Using chromatin conformation capture, we show that an enhancer cluster in the STARD10 type 2 diabetes (T2D) locus forms a defined 3-dimensional (3D) chromatin domain. A 4.1-kb region within this locus, carrying 5 T2D-associated variants, physically interacts with CTCF-binding regions and with an enhancer possessing strong transcriptional activity. Analysis of human islet 3D chromatin interaction maps identifies the FCHSD2 gene as an additional target of the enhancer cluster.
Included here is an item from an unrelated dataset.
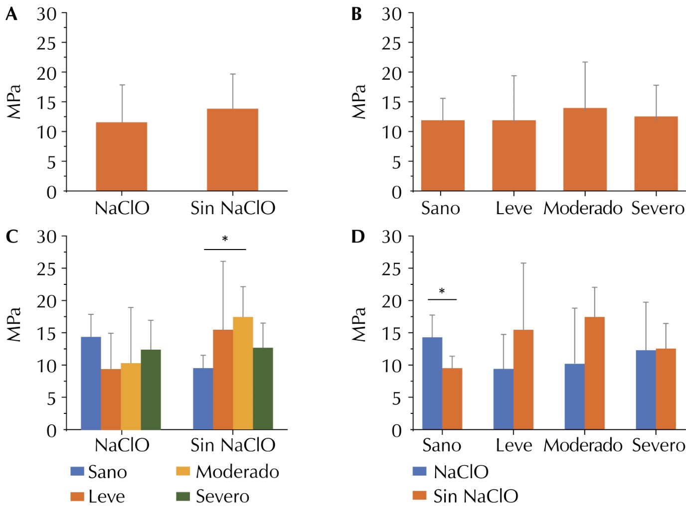 Tras las pruebas estadísticas, se encontró significancia estadística en la comparación del grupo sin desproteinización en el grado sano y el grupo de fluorosis moderada (p < 0.05), la cual mostró los mejores niveles de resistencia al desalojo. Adicionalmente, se identificó que el uso del NaClO únicamente en tejido dental sano mostró significativamente mejores valores de resistencia al desalojo en comparación que la técnica convencional (Figura 2D). Lo anterior sugiere que el uso del NaClO como agente desproteinizante depende en gran medida de la presencia y, probablemente, de la severidad de la fluorosis dental.
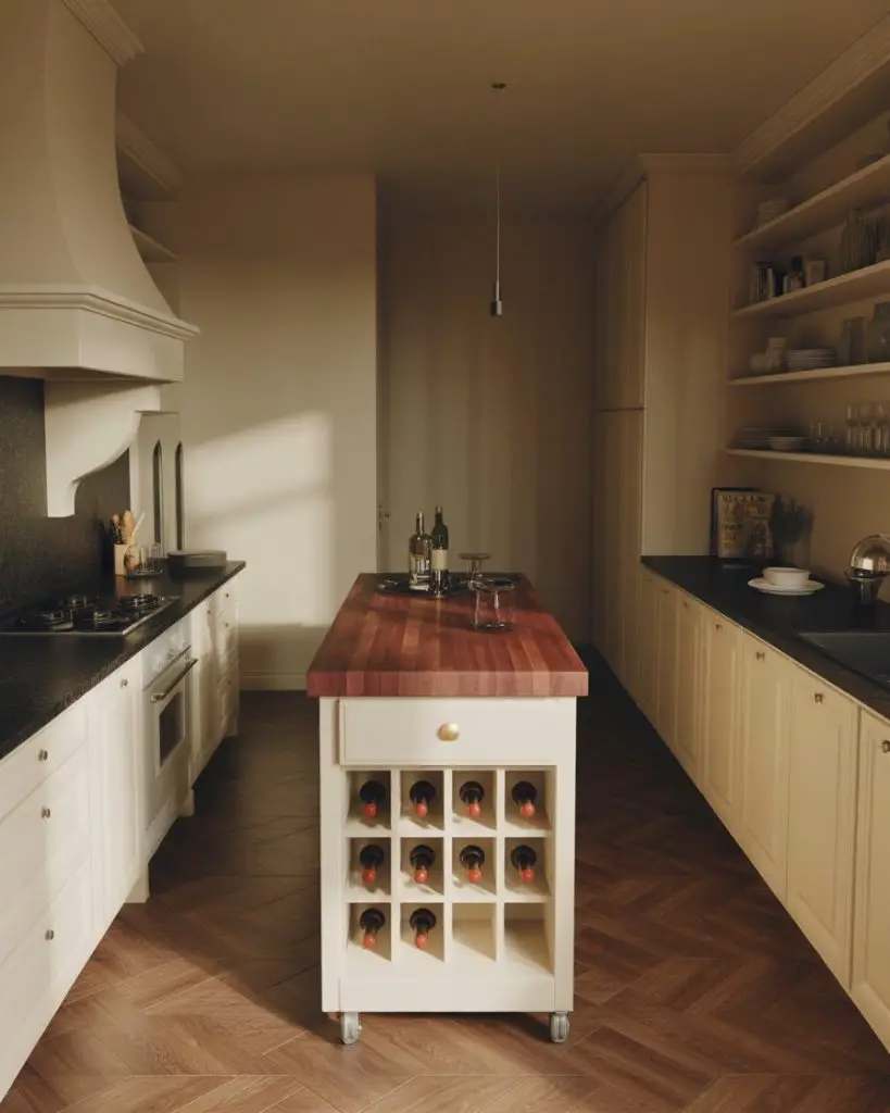 Practical insight: Wheeled islands should be substantial enough to stay stable during use but light enough to move easily—look for pieces in the 100–150 pound range with locking casters. Add a thick cutting board or marble pastry slab on top to increase work surface without permanent weight.

CRISPR-Cas9-mediated deletion of the variant region, or of the associated enhancer, from human pancreas-derived EndoC-βH1 cells impairs glucose-stimulated insulin secretion. Expression of both STARD10 and FCHSD2 is reduced in cells harboring CRISPR deletions, and lower expression of STARD10 and FCHSD2 is associated, the latter nominally, with the possession of risk variant alleles in human islets. Finally, CRISPR-Cas9-mediated loss of STARD10 or FCHSD2, but not ARAP1, impairs regulated insulin secretion. Thus, multiple genes at the STARD10 locus influence β cell function.
Institute(s)Institute for Pancreatic Beta Cell Research (IPI)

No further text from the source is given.